## Work request
An exact copy of the entries below is required, with all pictures removed.

Stored data:
○ ○ ○
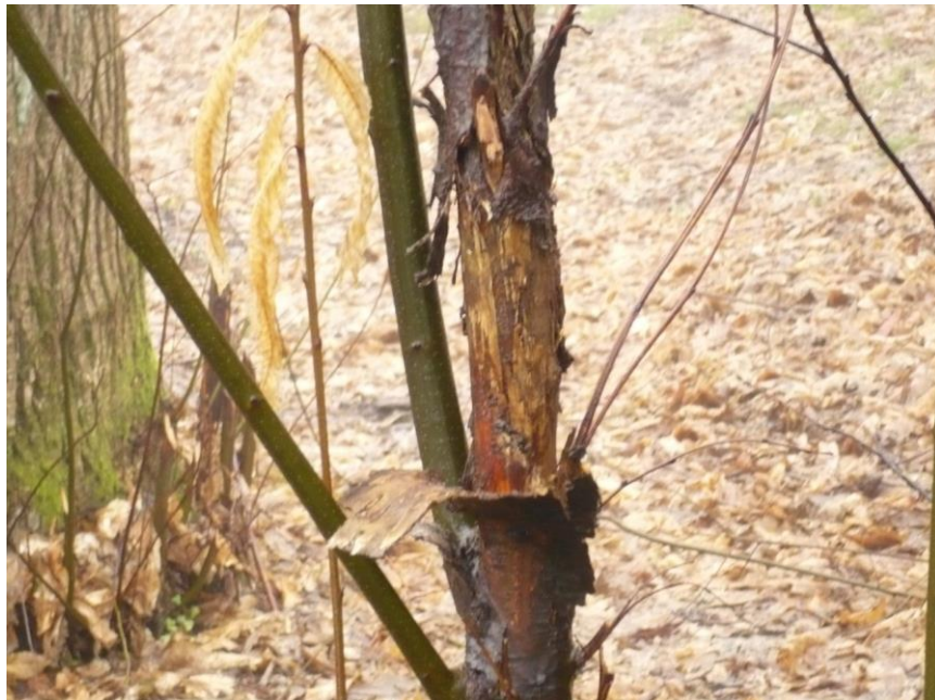
Slika 6. Rak kore pitomog kestena uzrokovan virulentnim sojem gljive C. parasitica

Fitopatogena gljiva Cryphonectria parasitica (Murr.) Barr unesena je početkom 20. stoljeća iz Azije u SAD i uništila je gotovo sve nasade američkog kestena Castanea dentata Borkh. U Europi je bolest prvi put zapažena 1938. godine u Italiji (Genova), odakle se proširila po cijeloj Europi i ozbiljno ugrozila sastojine europskog pitomog kestena C. sativa Mill. (Heiniger i Rigling, 1994; Krstin i sur., 2008). C. parasitica je slab patogen na azijskim vrstama kestena i smatra se da je najvjerojatnije iz Azije u Ameriku unesena upravo na stablima azijskih vrsta kestena (Heiniger i Rigling, 1994). Azijske vrste kestena Castanea mollissima i Castanea crenata su otporne na uzročnika bolesti, gljivu C. parasitica (Milgroom i Cortesi, 2004). Bolest je u Hrvatskoj zabilježena prvi puta 1955. godine te se vrlo brzo širila na sve kestenove sastojine u kojima je zabilježen veliki broj aktivnih rakova (Slika 6) uzrokovanih opasnim virulentnim sojem gljive C. parasitica (Novak-Agbaba, 2006).
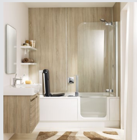
Artweger Duschbadewanne TWINLINE und ARTLIFT
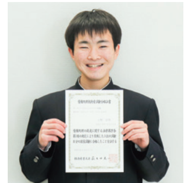
▲スマホは高校生から。パソコンも 動画やネットを見る程度でした。

自信をもって人に誇れるもの、 自分の芯を持ちたかった。 僕にとって、それがITでした。
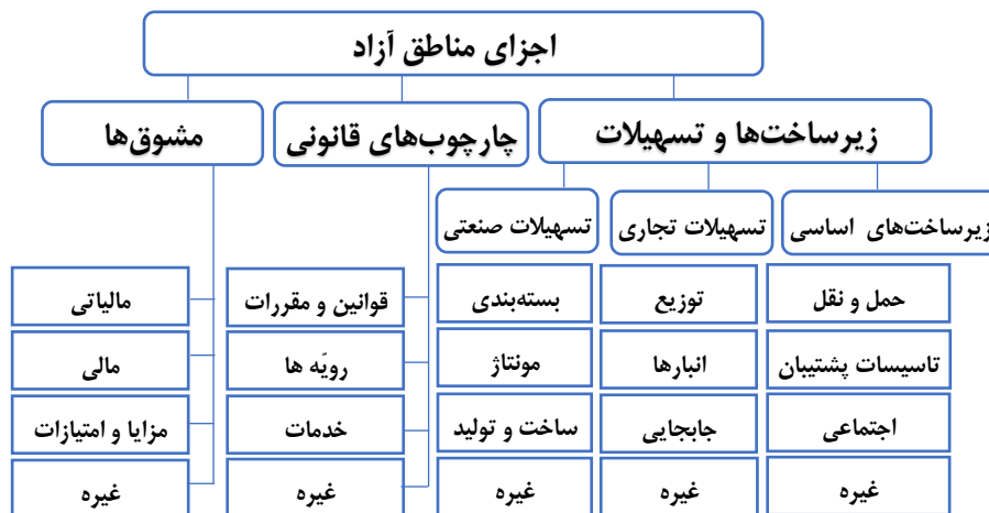
شکل ۴- مدل ارزیابی و بهبود عملکرد مناطق آزاد

در این راستا، مطالعه حاضر اجزای مناطق آزاد، از جمله چارچوب قانونی، مشوق‌ها و زیرساخت‌ها را مطابق شکل ۴ شناسایی، جمع‌بندی و در قالب مدل ارزیابی و بهبود عملکرد مناطق آزاد ارائه نموده است.
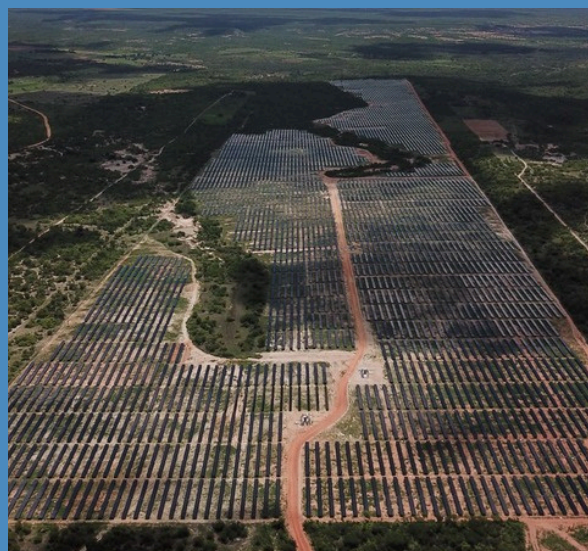
Usina Fotovoltaica Assú V gera cerca de 9.240 kW/h por dia

Ao todo, 10 fiscais vão se dividir para fiscalizar obras e serviços em 15 cidades destas inspetorias.
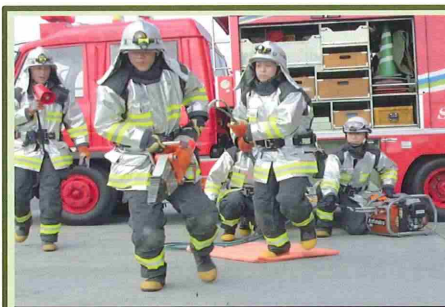
白老町：防火服の整備

担当署員の声： 最新消防車両の導入は、消防装備の充実が図られ、消火効率の向上・隊員の安全面についても強化され、住民の生命・財産の保全と被害の軽減に寄与し、地域全体の安心・安全に貢献するものと考えます。
○ ○ ○
## Reply
Slika 6. Rak kore pitomog kestena uzrokovan virulentnim sojem gljive C. parasitica

Fitopatogena gljiva Cryphonectria parasitica (Murr.) Barr unesena je početkom 20. stoljeća iz Azije u SAD i uništila je gotovo sve nasade američkog kestena Castanea dentata Borkh. U Europi je bolest prvi put zapažena 1938. godine u Italiji (Genova), odakle se proširila po cijeloj Europi i ozbiljno ugrozila sastojine europskog pitomog kestena C. sativa Mill. (Heiniger i Rigling, 1994; Krstin i sur., 2008). C. parasitica je slab patogen na azijskim vrstama kestena i smatra se da je najvjerojatnije iz Azije u Ameriku unesena upravo na stablima azijskih vrsta kestena (Heiniger i Rigling, 1994). Azijske vrste kestena Castanea mollissima i Castanea crenata su otporne na uzročnika bolesti, gljivu C. parasitica (Milgroom i Cortesi, 2004). Bolest je u Hrvatskoj zabilježena prvi puta 1955. godine te se vrlo brzo širila na sve kestenove sastojine u kojima je zabilježen veliki broj aktivnih rakova (Slika 6) uzrokovanih opasnim virulentnim sojem gljive C. parasitica (Novak-Agbaba, 2006).
Artweger Duschbadewanne TWINLINE und ARTLIFT
▲スマホは高校生から。パソコンも 動画やネットを見る程度でした。

自信をもって人に誇れるもの、 自分の芯を持ちたかった。 僕にとって、それがITでした。
شکل ۴- مدل ارزیابی و بهبود عملکرد مناطق آزاد

در این راستا، مطالعه حاضر اجزای مناطق آزاد، از جمله چارچوب قانونی، مشوق‌ها و زیرساخت‌ها را مطابق شکل ۴ شناسایی، جمع‌بندی و در قالب مدل ارزیابی و بهبود عملکرد مناطق آزاد ارائه نموده است.
Usina Fotovoltaica Assú V gera cerca de 9.240 kW/h por dia

Ao todo, 10 fiscais vão se dividir para fiscalizar obras e serviços em 15 cidades destas inspetorias.
白老町：防火服の整備

担当署員の声： 最新消防車両の導入は、消防装備の充実が図られ、消火効率の向上・隊員の安全面についても強化され、住民の生命・財産の保全と被害の軽減に寄与し、地域全体の安心・安全に貢献するものと考えます。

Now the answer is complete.